Moving beyond hype: Could one-two treatment restore damaged heart muscle?
Heart attacks can cause immediate death. But in survivors, the blockage of blood flow can kill so many heart muscle cells that heart failure can follow months or years afterwards. Heart disease is the leading cause of hospital admission and death in the United States.
“A heart attack causes a loss of muscle and leaves the heart with a scar that does not contract and so impairs the heart’s pumping function,” says Tim Kamp, a professor of medicine who is co-leader of a new grant designed to attack two roadblocks that have stymied efforts to restore heart muscle with muscle cells grown from stem cells.
Kamp, who directs the Stem Cell and Regenerative Medicine Center at the University of Wisconsin–Madison, says, “Everybody involved in treating these patients knows that this scarring often leads to a continual decline in heart function with heart failure and even death.”
Sixteen percent of men, and 22 percent of women, develop heart failure after myocardial infarction – heart attack. Coronary artery disease – the category that includes stoppage of blood flow — causes one in seven deaths in the United States.
Adult stem cell injections seemed a logical way to form new heart muscle cells and repair the damaged muscle. But in dozens of experiments, the cells either washed out of the heart or failed to develop into the specialized muscle cells – the cardiomyocytes — that power cardiac contractions. “The benefits were mixed, modest at best,” says Kamp.
After years of preliminary investigations, however, Kamp and Amish Raval, a professor of cardiology, researcher and entrepreneur, hope that a combination of two cutting-edge approaches would use a fabric-like material to prevent “wash-out” and successfully implant cardiomyocytes to damaged hearts.
Aided by a Regenerative Medicine Innovation Project grant from the National Heart, Lung, and Blood Institute, part of the National Institutes of Health, the two will lead a group to test that idea in pigs over two years.
Having committed cells could be a major advance, Raval says. “The first stem-cells therapies started with cells that I call ‘the model T.’ Now, we are moving to the Buick.” The cells originate as induced pluripotent stem cells (iPSCs) – a relative of embryonic stem cells that is based on reprogramming adult cells.
Two Madison-based businesses, and sources at the University of Wisconsin–Madison, also helped to fund the research. Fujifilm Cellular Dynamics Inc., one of the largest commercial sources of stem cell products, produces the committed cardiac progenitor cells that will be tested. These committed cells are ready to transform themselves into cardiomyocytes.

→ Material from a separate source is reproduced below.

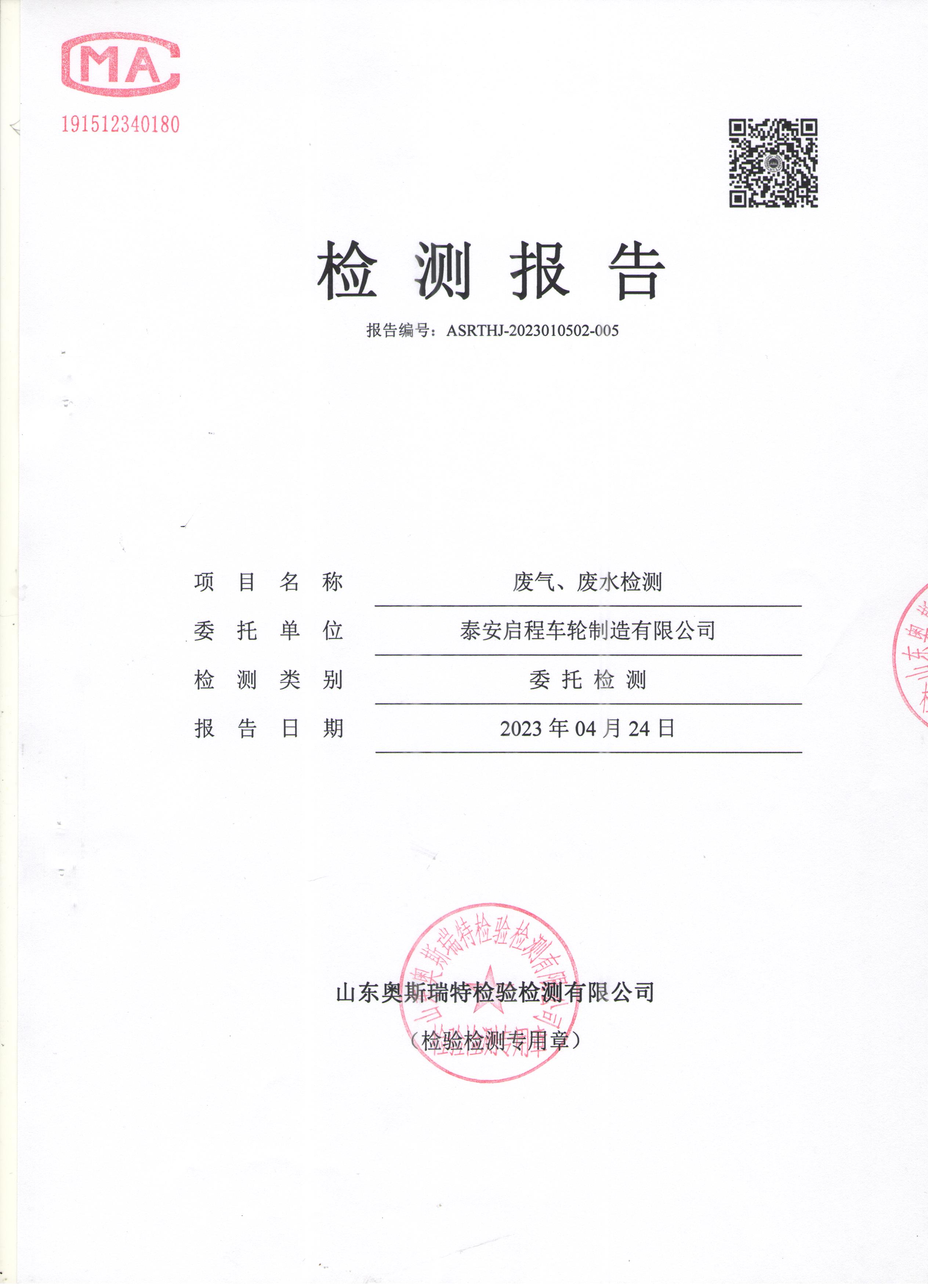 泰安啟程車輪制造有限公司2023年4月份環(huán)境污染物排放檢測(cè)報(bào)告

Fujifilm bought CDI, a company whose founders included Kamp and UW–Madison stem cell pioneer James Thomson, but the operations remain in Madison. Kamp has no ownership position but is a consultant for the company.
Raval is a founder and board chair of the second commercial supporter, Cellular Logistics, Inc., which makes a freeze-dried matrix from the same proteins that naturally holds cardiomyocytes in place in the heart. The material is called extracellular matrix (ECM) because it scaffolds cells from the outside.

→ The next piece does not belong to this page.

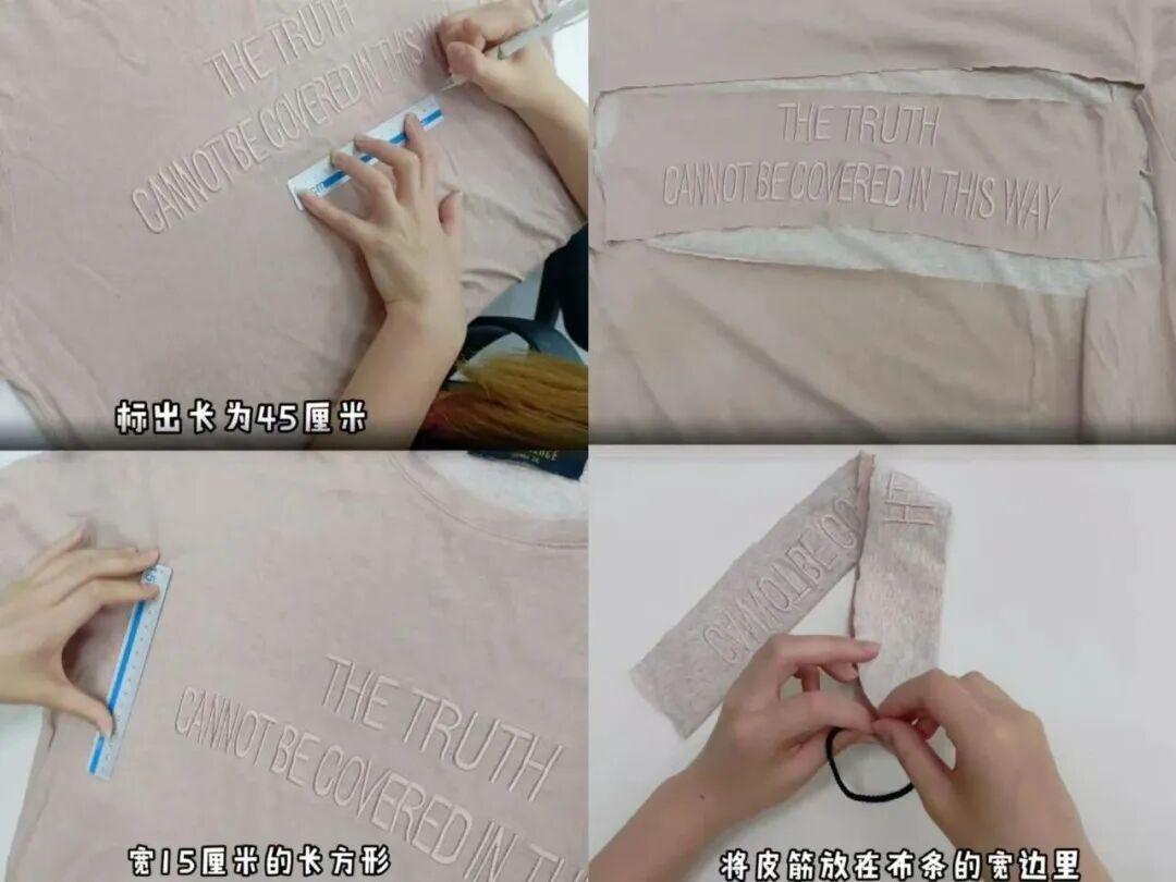 選擇彈性良好的純棉T恤,裁剪成45x15cm的長條。

When the heart pumps, internal pressures often eject would-be replacement cells through lymph channels and blood vessels. Raval’s group has already shown in mice that injecting extracellular matrix proteins along with new cells creates mechanical restraints that avoid the “wash-out” problem.

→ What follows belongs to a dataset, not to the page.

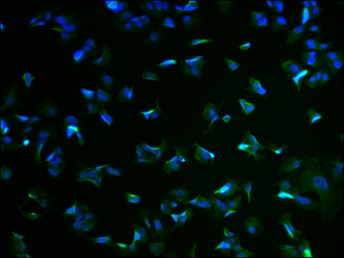 Immunofluorescence staining of MCF-7 cells with CSB-PA862012LA01HU at 1:100, counter-stained with DAPI. The cells were fixed in 4% formaldehyde and blocked in 10% normal Goat Serum. The cells were then incubated with the antibody overnight at 4°C. The secondary antibody was Alexa Fluor 488-congugated AffiniPure Goat Anti-Rabbit IgG(H+L).

The injected scaffold may have another advantage for regenerating muscle after heart attack, Kamp notes. “The ECM replenishes the scarred area to become more hospitable to the replacement cardiomyocytes.” The effect may be based on chemical and mechanical signaling between the ECM and the regenerating cells.
Pig’s hearts are quite close to human hearts in size and structure. The grant will cover tests on four groups of 12 pigs each following myocardial infarction:
- A control group, with no treatment;
- A group that receives injections of matrix;
- A group that gets only the committed cardiac progenitor cells; and
- A group that gets ECM and committed cardiac progenitor cells.
If the combination is effective, Raval adds, “We plan to proceed toward a Food and Drug Administration application for an investigational new drug, which would allow us to begin human trials.”
With the passion and concern of a working cardiac surgeon, Raval says those trials would focus “on patients who have not been helped by the best medical management we know today and they are not candidates for heart transplant or mechanical assist devices. The only other option is palliative or hospice care.”
As Raval notes, “More people are surviving heart attacks, and that’s great. But many are left with a scar in the heart muscle – a dead zone. That scar can enlarge, and the damage can spread. So we are seeing an increasing number of patients with heart failure. That’s why we are moving forward with this project.”
This research is being funded by NIH grant 1U01HL148690-01.